▸ **Problem**: Reproduce the listing in full, pictures excluded.

▸ **Provided data**:
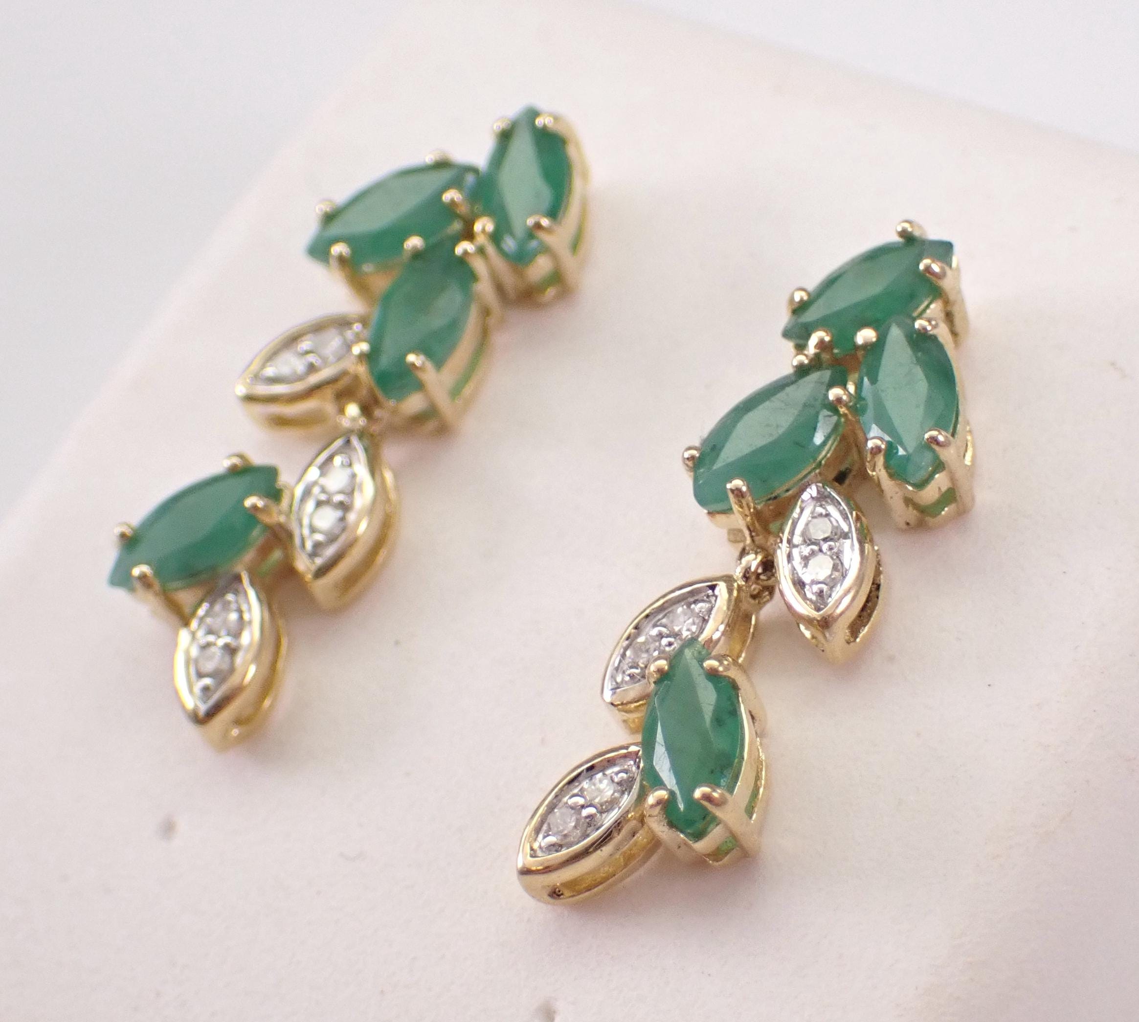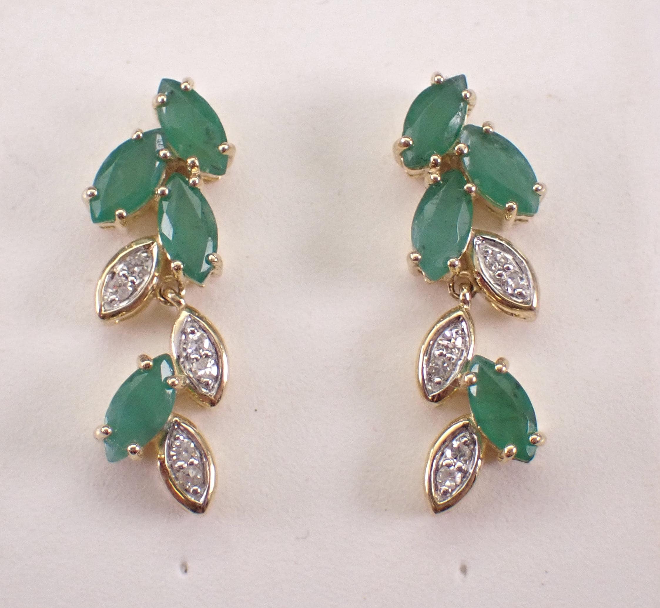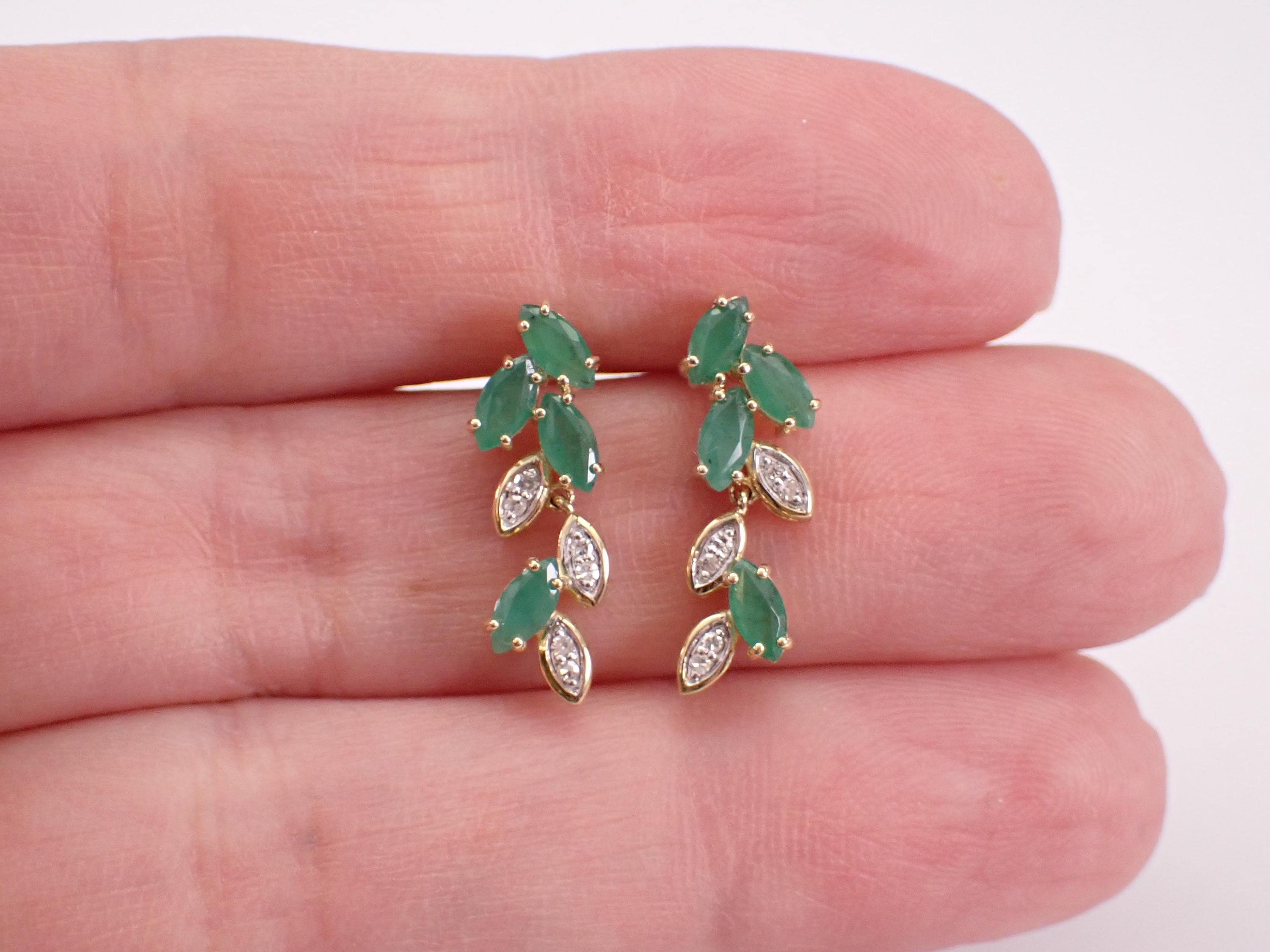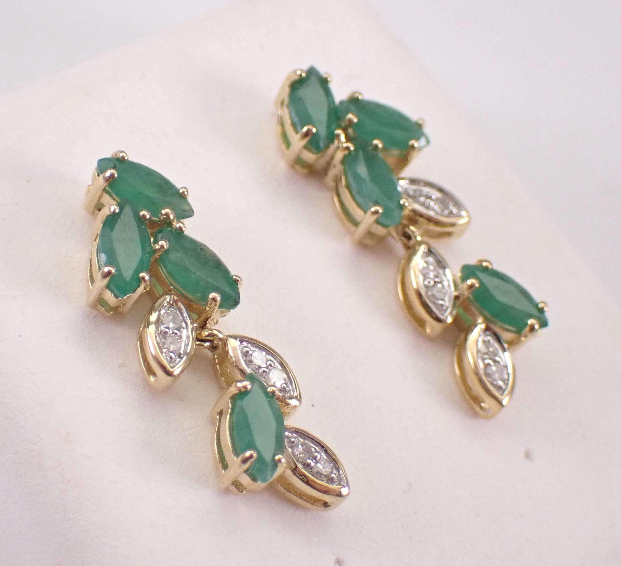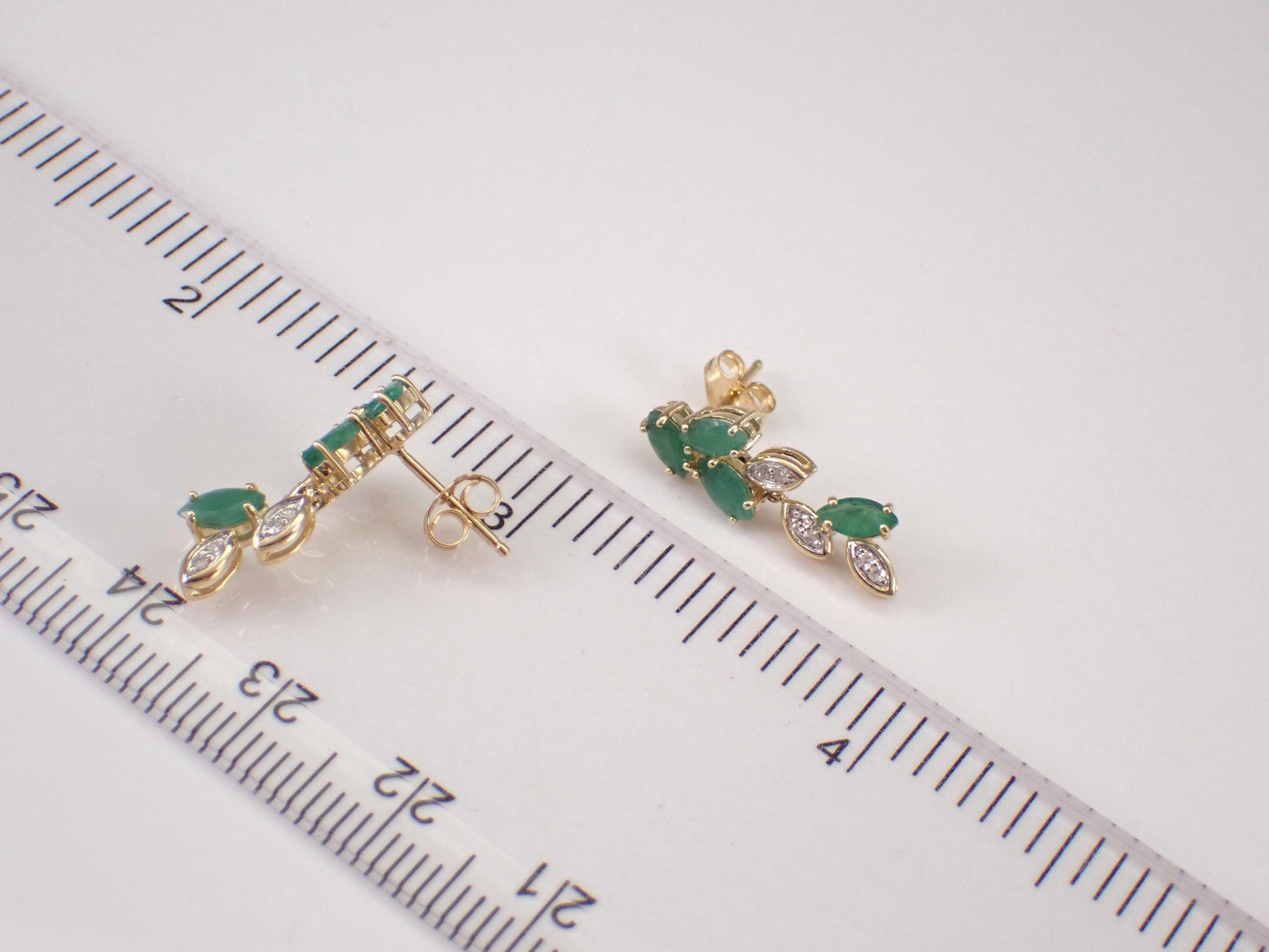 Yellow Gold Diamond and Emerald Dangle Earrings. There are six Round Brilliant Diamonds and four Marquise shaped Emeralds set in EACH earring. The Emeralds combine to a total weight of 3/4 carats. The diamonds in these earrings are H color, SI/I1 clarity and weigh a total of .10 carat. These earrings are 10KT Yellow Gold, measure 18.5 mm in length and weigh a total of 2.0 grams. These earrings are for pierced ears and have friction post backings. These earrings will be accompanied by an appraisal written by a GIA Certified Diamond Grader with the retail replacement value of $1,475.00. I will ship these earrings promptly in a gift box.
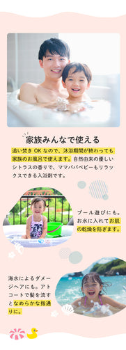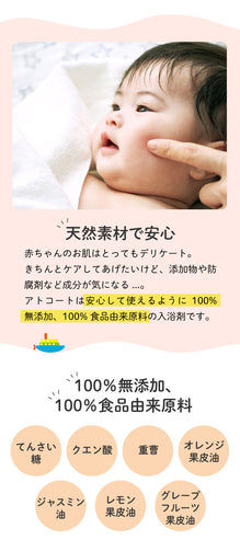 100%無添加、100%食品原料由来成分。安心して使える理由がたくさん。 赤ちゃんのデリケートな肌を「てんさい糖」のチカラでしっかり保湿。 乾燥しがちなプール遊びでも使用できる優れもの。 追い焚きOKなので家族みんなで使えます。
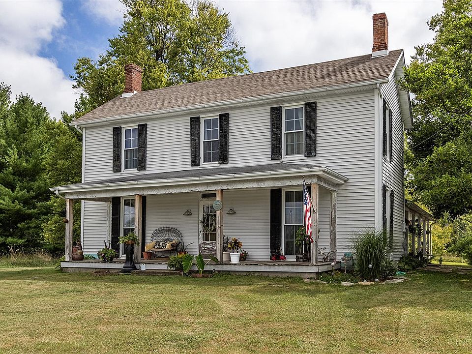 Great Potential in this peaceful Farm House estate on 8.8 acres w/ fully stocked pond, Barn, Tool Shed and Chicken Coop. This home boasts 9 Large rooms, 4 Bedrooms. with 1st Floor Primary Bedroom & adjoined ensuite. Eat in Kit w/ Large Formal Dining Room. So serene, Kick back on the wrap around porch and take in the tranquility. 1st floor laundry w/ Bonus large. Broom closet. Basement access off Kitchen, land is gentle to rolling acres, woods, pasture. Be a Farmer or Developer. Property backs up to 2 great subdivisions. Prop. sold as is.

▸ **Answer area**:
 Yellow Gold Diamond and Emerald Dangle Earrings. There are six Round Brilliant Diamonds and four Marquise shaped Emeralds set in EACH earring. The Emeralds combine to a total weight of 3/4 carats. The diamonds in these earrings are H color, SI/I1 clarity and weigh a total of .10 carat. These earrings are 10KT Yellow Gold, measure 18.5 mm in length and weigh a total of 2.0 grams. These earrings are for pierced ears and have friction post backings. These earrings will be accompanied by an appraisal written by a GIA Certified Diamond Grader with the retail replacement value of $1,475.00. I will ship these earrings promptly in a gift box.
 100%無添加、100%食品原料由来成分。安心して使える理由がたくさん。 赤ちゃんのデリケートな肌を「てんさい糖」のチカラでしっかり保湿。 乾燥しがちなプール遊びでも使用できる優れもの。 追い焚きOKなので家族みんなで使えます。
 Great Potential in this peaceful Farm House estate on 8.8 acres w/ fully stocked pond, Barn, Tool Shed and Chicken Coop. This home boasts 9 Large rooms, 4 Bedrooms. with 1st Floor Primary Bedroom & adjoined ensuite. Eat in Kit w/ Large Formal Dining Room. So serene, Kick back on the wrap around porch and take in the tranquility. 1st floor laundry w/ Bonus large. Broom closet. Basement access off Kitchen, land is gentle to rolling acres, woods, pasture. Be a Farmer or Developer. Property backs up to 2 great subdivisions. Prop. sold as is.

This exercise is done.